Lin Jingzhi parecia não acreditar e, olhando para os hashis, derrubou-os no chão e ainda deu um chute que os fez parar perto do pé de Xie Zhiyi.

Ela se abaixou para pegar e, ao entregar, ele agradeceu em francês. Ela não respondeu, apenas pegou outro par e lhe entregou.

Depois, Lin Jingzhi pediu mais alguns pratos e eles continuaram comendo e conversando sobre negócios.

De repente, Lin Jingzhi se dirigiu a Xie Zhiyi em francês: “Senhorita Xie, poderia passar a pimenta?”

Ela limpou a boca com um guardanapo e disse a Wen Xuyan: “Terceiro tio, quero ir ao banheiro.”

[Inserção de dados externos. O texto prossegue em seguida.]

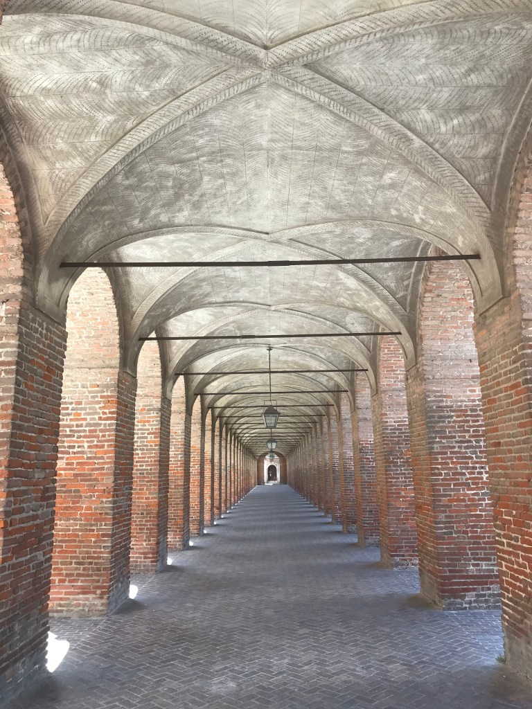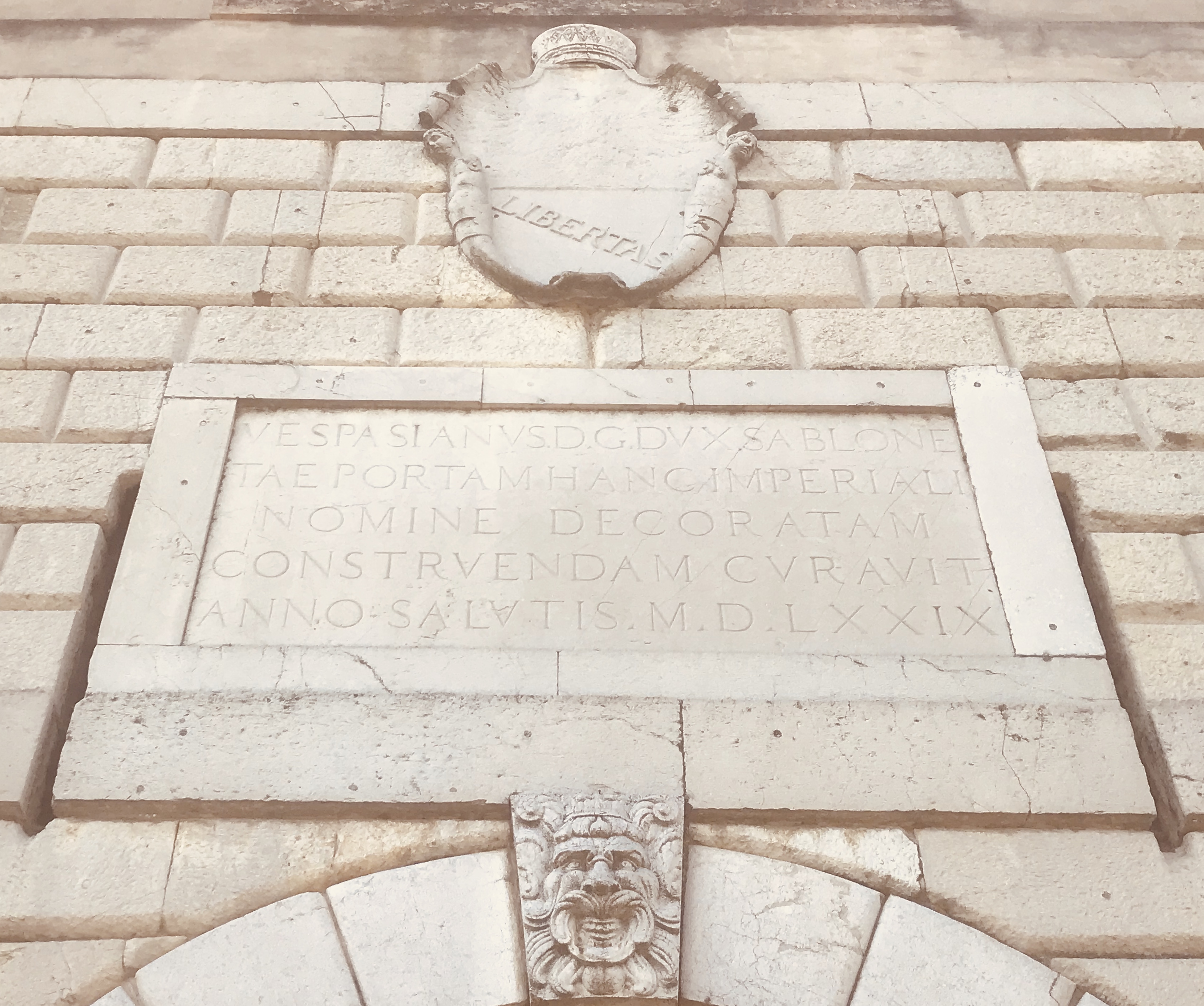 En un extremo está la Porta Vittoria, la primera puerta de Sabbioneta, que estaba orientada hacia la entonces Lombardía española. Si os fijáis en la entrada principal, veréis el escudo de los Gonzaga-Colonna y una inscripción en plan amuleto de la suerte que reza: «Vespasiano Gonzaga, marqués y fundador de Sabbioneta, dedicó esta puerta a la Victoria como buen agüero».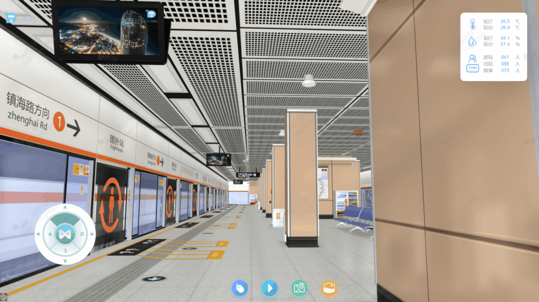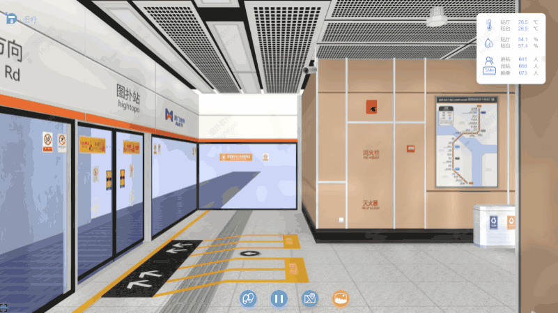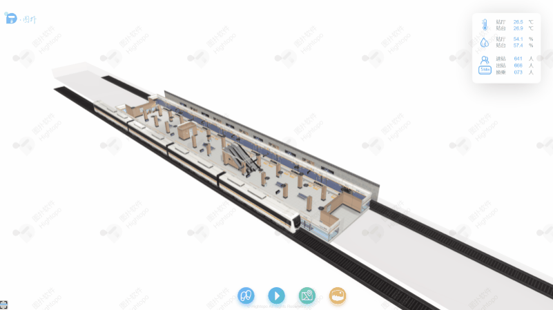 地铁站三维场景的构建遵循 "精准还原、高效渲染" 的原则。首先,以地铁站 CAD 设计图纸、现场实拍照片、设备技术参数文件为基础素材,在专业建模软件中进行精细化建模。建模过程中采用多边形简化、纹理压缩、细节层次(LOD)优化等技术,在保证模型精度的前提下降低资源占用。完成建模后,将模型导出为 HT 引擎支持的格式,导入至 HT for Web 平台,最终构建出 1:1 比例还原的地铁站三维虚拟场景,实现对站厅、站台、设备布局等物理空间的数字化复现。

Ele assentiu: “Saia pela porta e vire à esquerda.”

No banheiro, Xie Zhiyi respirou fundo. O saleiro estava bem ao seu lado esquerdo. Se não tivesse mantido a atenção tão aguçada, poderia ter sido descoberta.

“Agora eles devem ter acreditado, certo?”

Ao sair, Lin Jingzhi finalmente se tranquilizou e falou em chinês: “Parece que ela realmente não entende.”

Wen Xuyan não confirmou nem negou; até agora não tinha notado nada suspeito.

No banheiro, Xie Zhiyi pegou o celular e viu uma solicitação de amizade de Ji Jiang. Aceitou de imediato. Ji Jiang reclamou um pouco e logo enviou um arquivo.

“Nem somos amigos ainda, e ele espera que eu faça o primeiro movimento?”

“Informações sobre Ji Sirang estão todas aqui. Como você vai usar, é problema seu. Não me culpe.”

Na mesma hora, o celular de Wen Xuyan tocou três vezes seguidas.